* _Stored entries_:
........
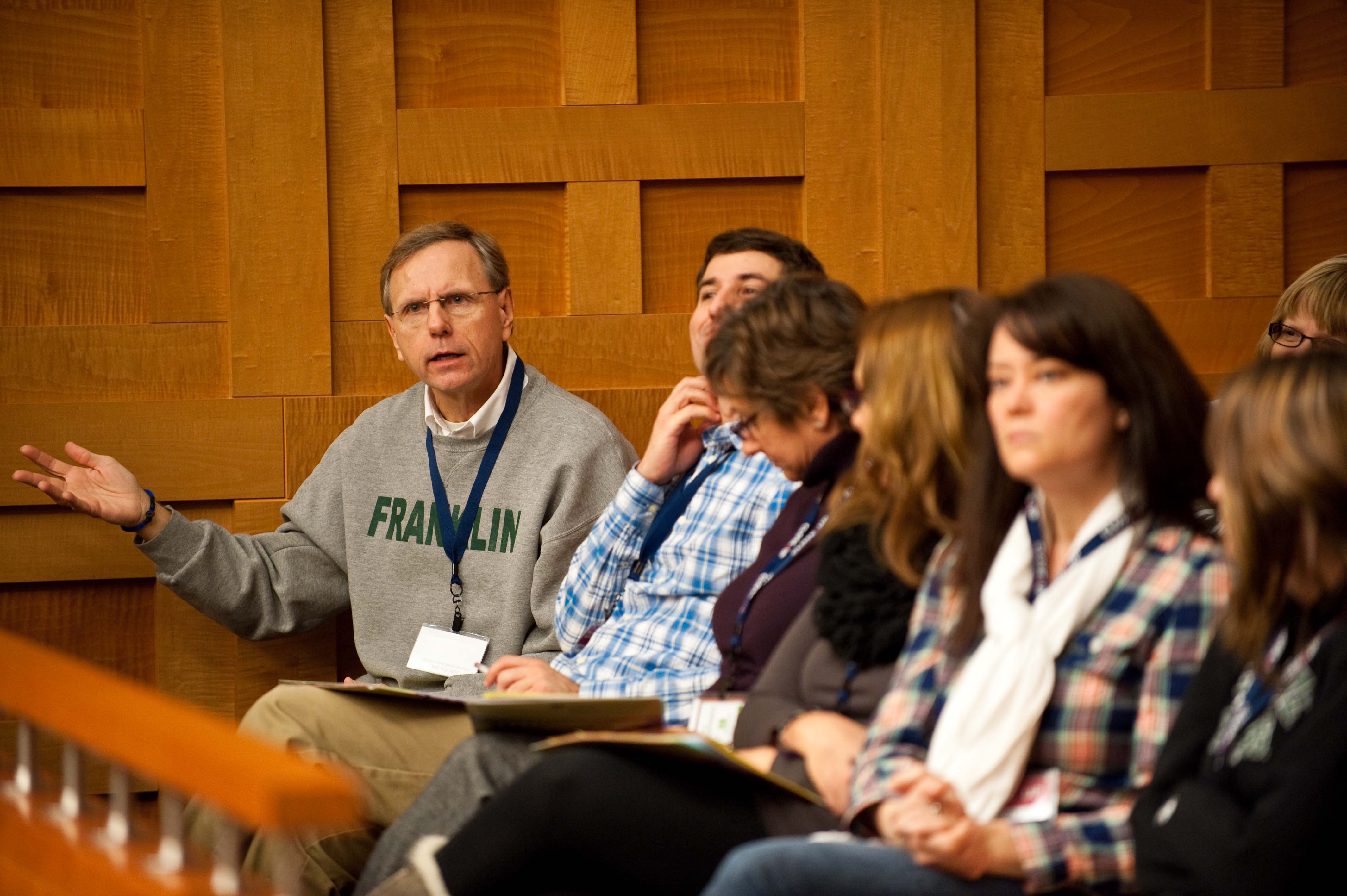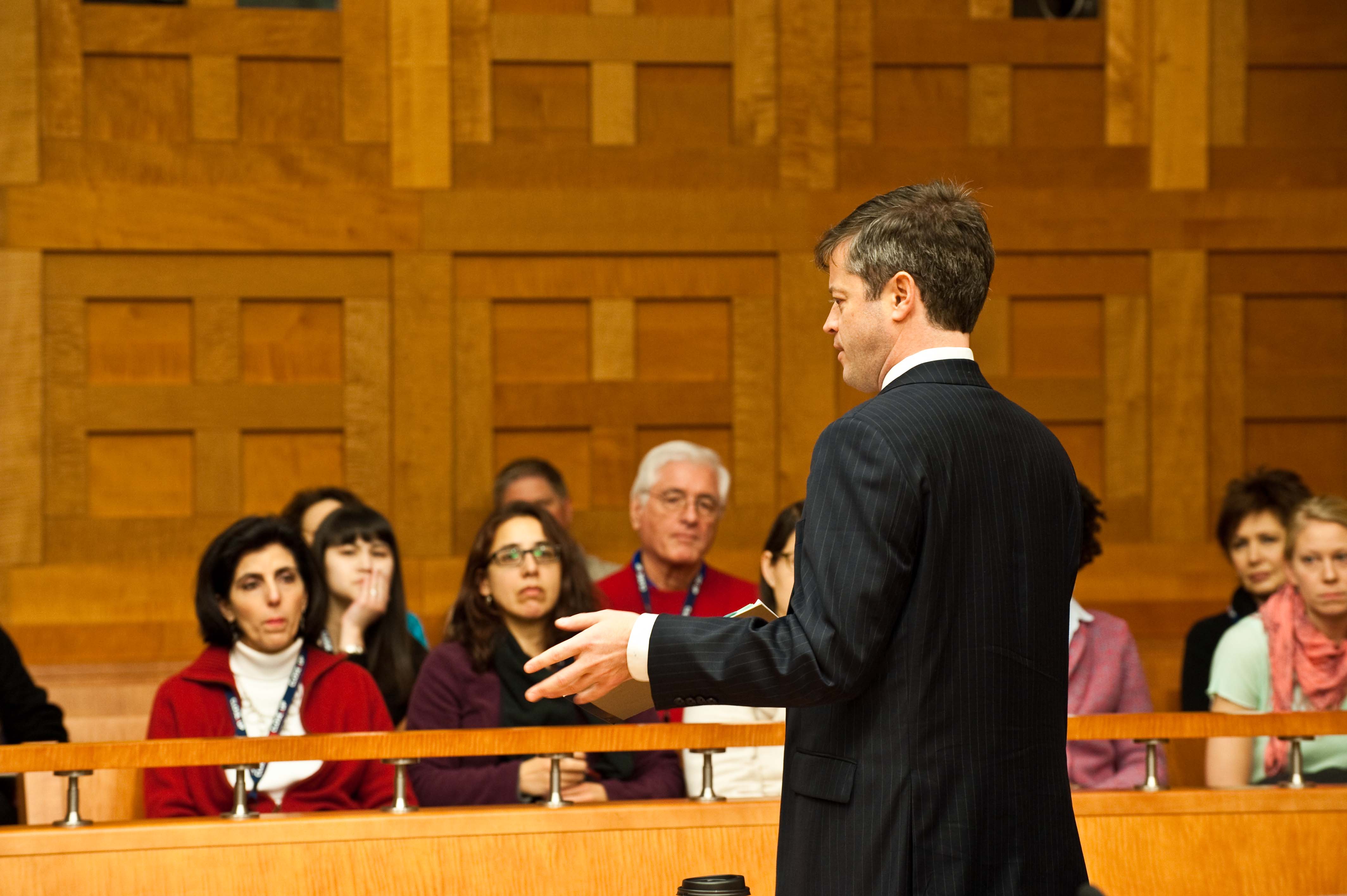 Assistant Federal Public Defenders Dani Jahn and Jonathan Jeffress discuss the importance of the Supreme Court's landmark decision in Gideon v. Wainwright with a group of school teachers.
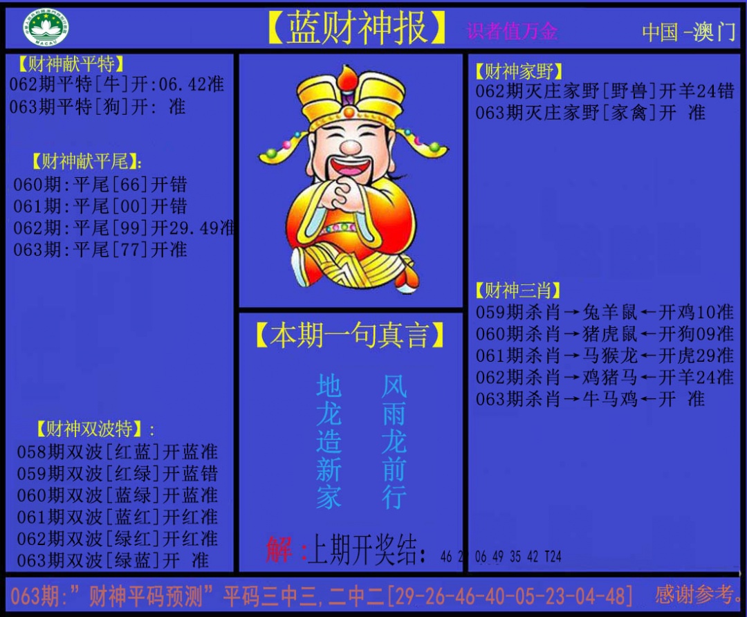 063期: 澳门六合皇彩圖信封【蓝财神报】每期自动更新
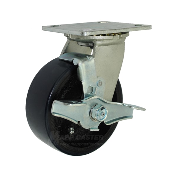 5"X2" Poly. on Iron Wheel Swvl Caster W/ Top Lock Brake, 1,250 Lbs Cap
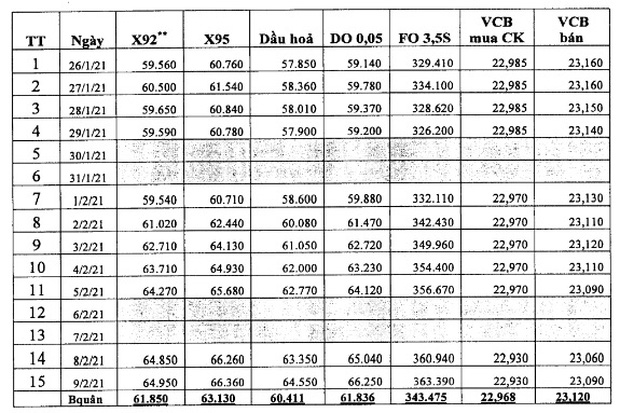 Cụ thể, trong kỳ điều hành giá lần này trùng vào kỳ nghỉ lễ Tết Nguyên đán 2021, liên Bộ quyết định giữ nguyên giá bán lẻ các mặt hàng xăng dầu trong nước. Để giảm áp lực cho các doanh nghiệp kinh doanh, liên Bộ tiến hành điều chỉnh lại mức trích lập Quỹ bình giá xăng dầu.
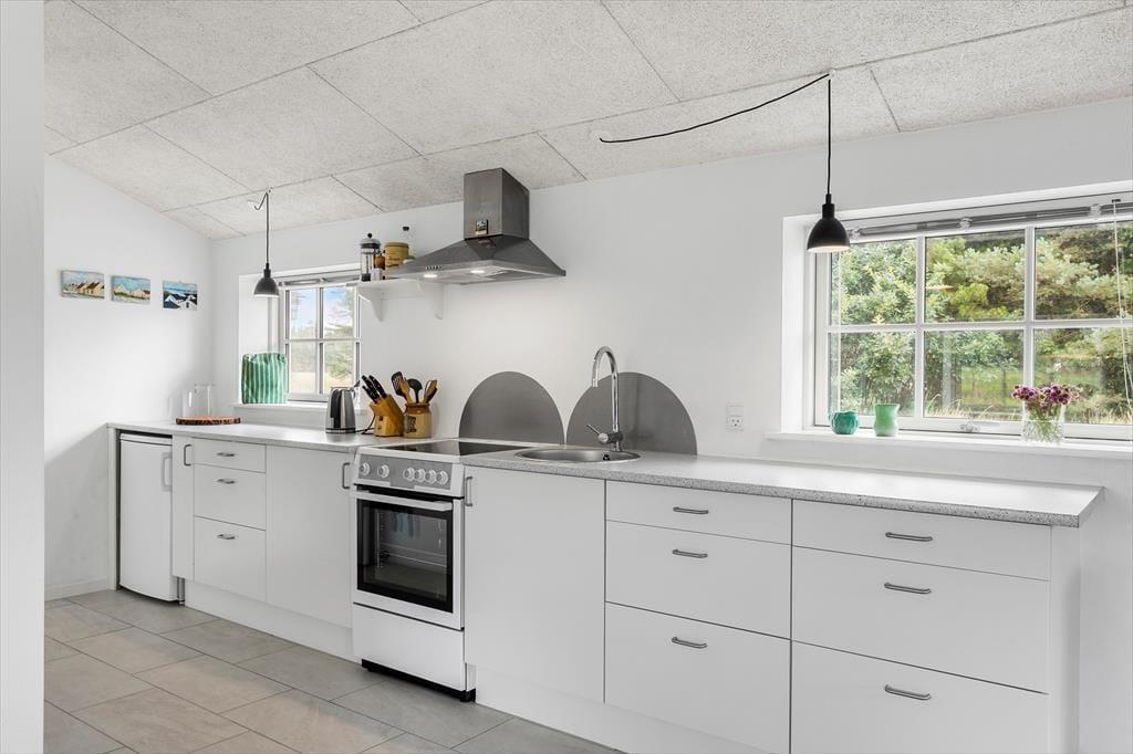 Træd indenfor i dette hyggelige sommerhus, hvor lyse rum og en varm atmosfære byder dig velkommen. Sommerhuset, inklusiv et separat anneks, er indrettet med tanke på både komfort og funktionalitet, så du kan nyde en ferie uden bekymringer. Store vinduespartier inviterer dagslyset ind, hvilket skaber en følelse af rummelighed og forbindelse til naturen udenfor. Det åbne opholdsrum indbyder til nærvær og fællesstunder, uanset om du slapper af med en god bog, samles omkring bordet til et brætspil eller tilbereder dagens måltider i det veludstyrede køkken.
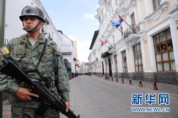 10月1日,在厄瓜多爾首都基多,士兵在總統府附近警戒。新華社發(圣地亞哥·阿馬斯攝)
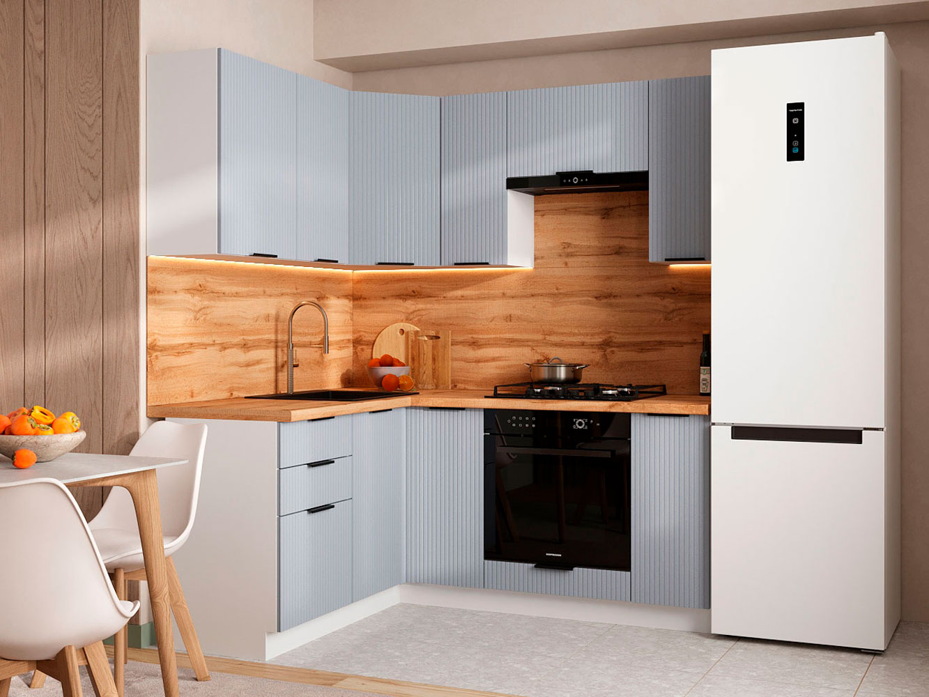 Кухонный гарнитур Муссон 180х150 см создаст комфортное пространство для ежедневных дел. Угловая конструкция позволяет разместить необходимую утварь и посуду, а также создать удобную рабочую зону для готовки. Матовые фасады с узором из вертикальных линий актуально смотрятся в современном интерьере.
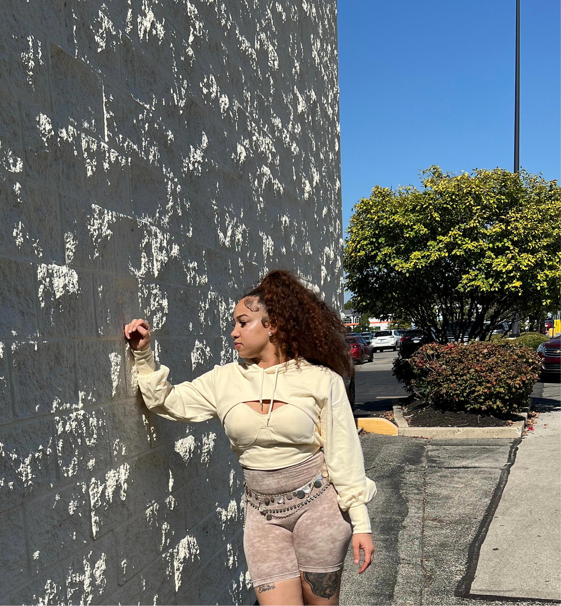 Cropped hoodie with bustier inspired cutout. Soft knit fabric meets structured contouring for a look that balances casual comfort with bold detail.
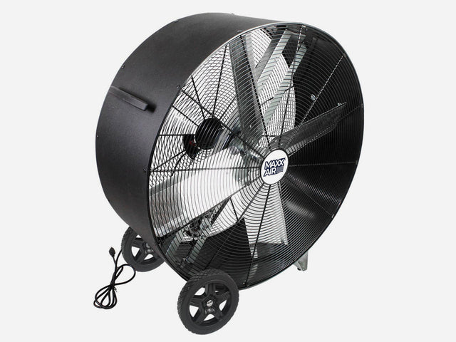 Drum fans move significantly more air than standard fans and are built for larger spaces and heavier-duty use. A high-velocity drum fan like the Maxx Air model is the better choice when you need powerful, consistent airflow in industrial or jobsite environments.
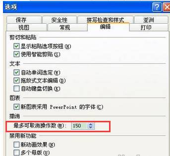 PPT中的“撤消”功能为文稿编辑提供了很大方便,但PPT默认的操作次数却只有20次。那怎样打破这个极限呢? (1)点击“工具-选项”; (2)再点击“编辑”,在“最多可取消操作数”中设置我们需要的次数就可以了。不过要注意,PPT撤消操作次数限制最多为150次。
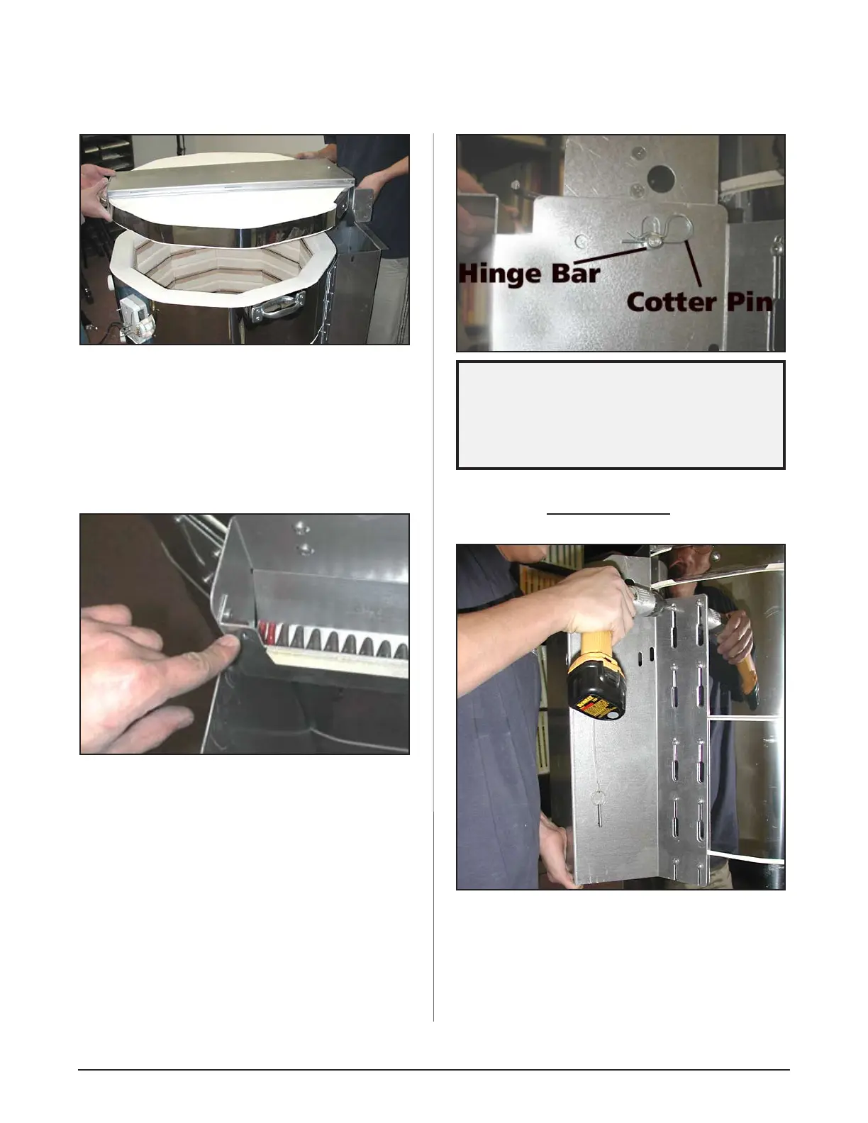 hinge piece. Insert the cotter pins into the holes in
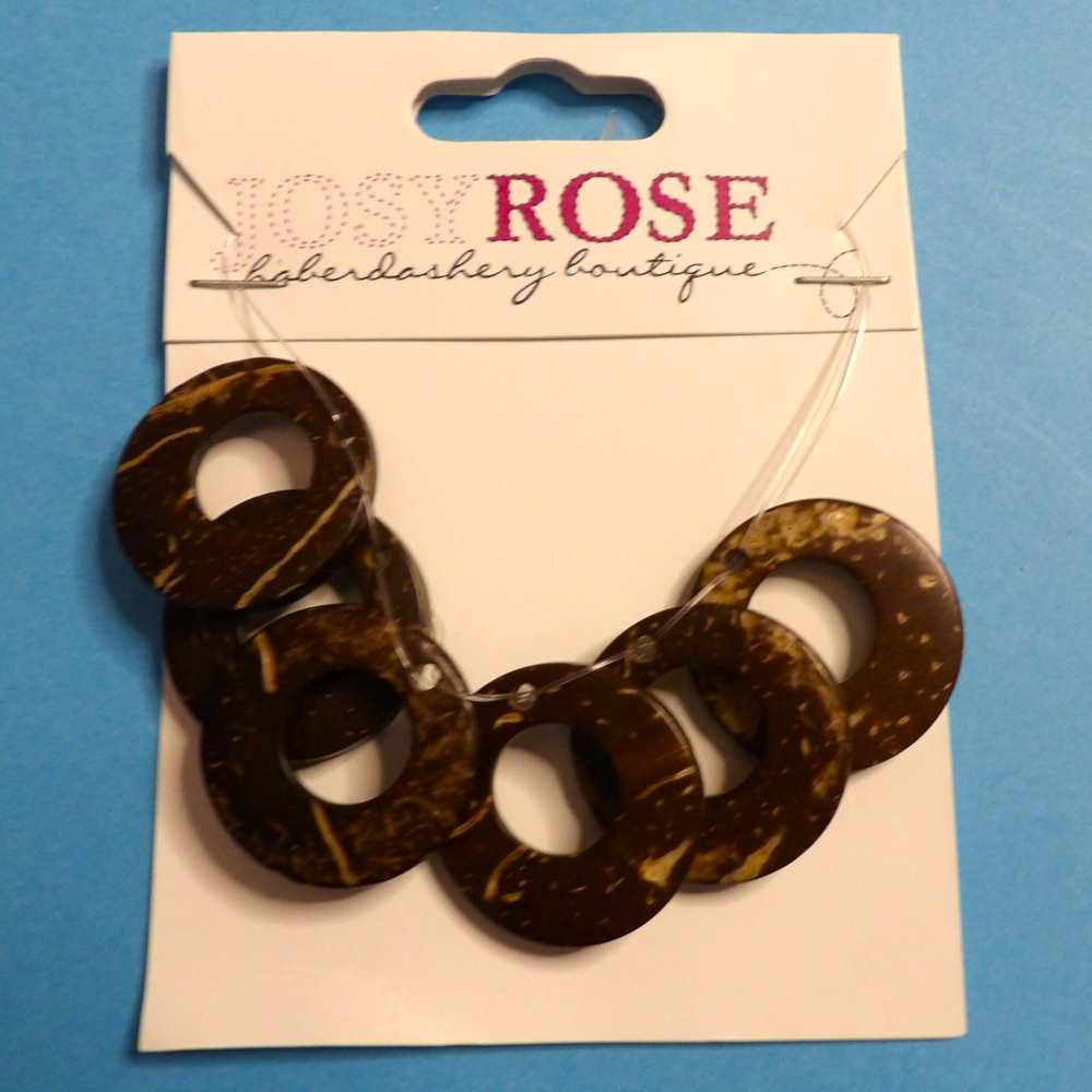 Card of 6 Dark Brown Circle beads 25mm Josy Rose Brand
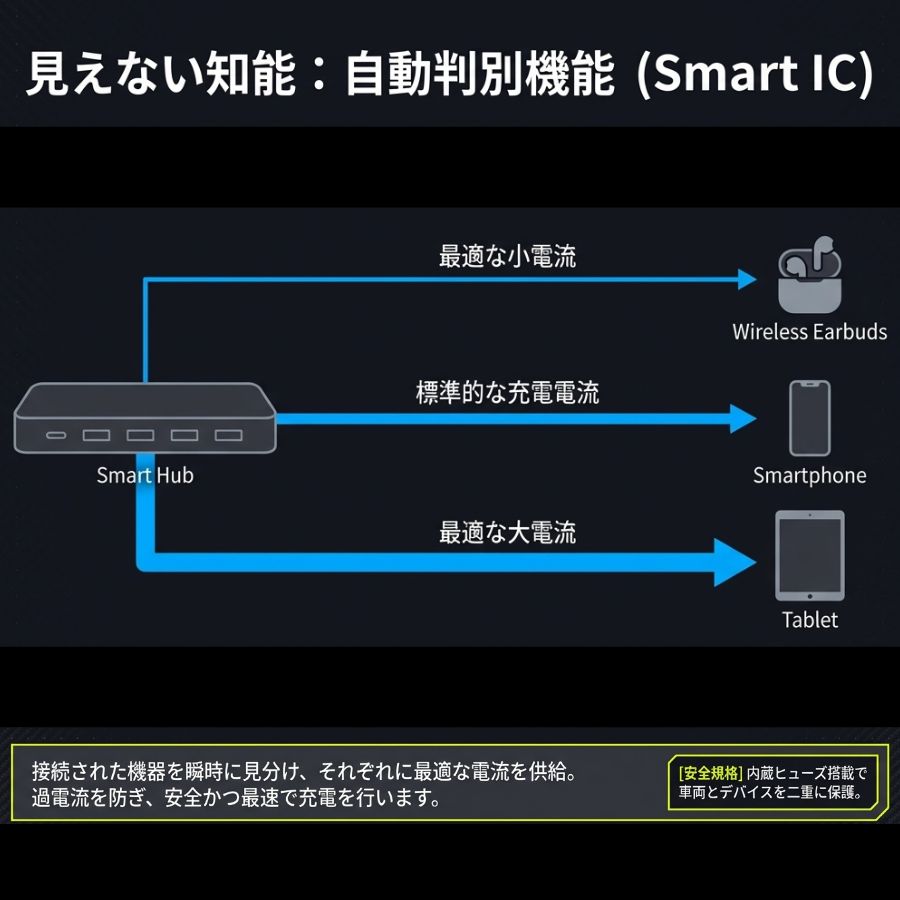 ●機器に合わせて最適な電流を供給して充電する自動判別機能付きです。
........
* _About this task_:
Look above for the line with "063期: 澳门六合皇彩圖信封【蓝财神报】每期自动更新" and the line with "Cụ thể, trong", then restate exactly those two lines and all lines between them, with no pictures.

* _Result_:
 063期: 澳门六合皇彩圖信封【蓝财神报】每期自动更新
 5"X2" Poly. on Iron Wheel Swvl Caster W/ Top Lock Brake, 1,250 Lbs Cap
 Cụ thể, trong kỳ điều hành giá lần này trùng vào kỳ nghỉ lễ Tết Nguyên đán 2021, liên Bộ quyết định giữ nguyên giá bán lẻ các mặt hàng xăng dầu trong nước. Để giảm áp lực cho các doanh nghiệp kinh doanh, liên Bộ tiến hành điều chỉnh lại mức trích lập Quỹ bình giá xăng dầu.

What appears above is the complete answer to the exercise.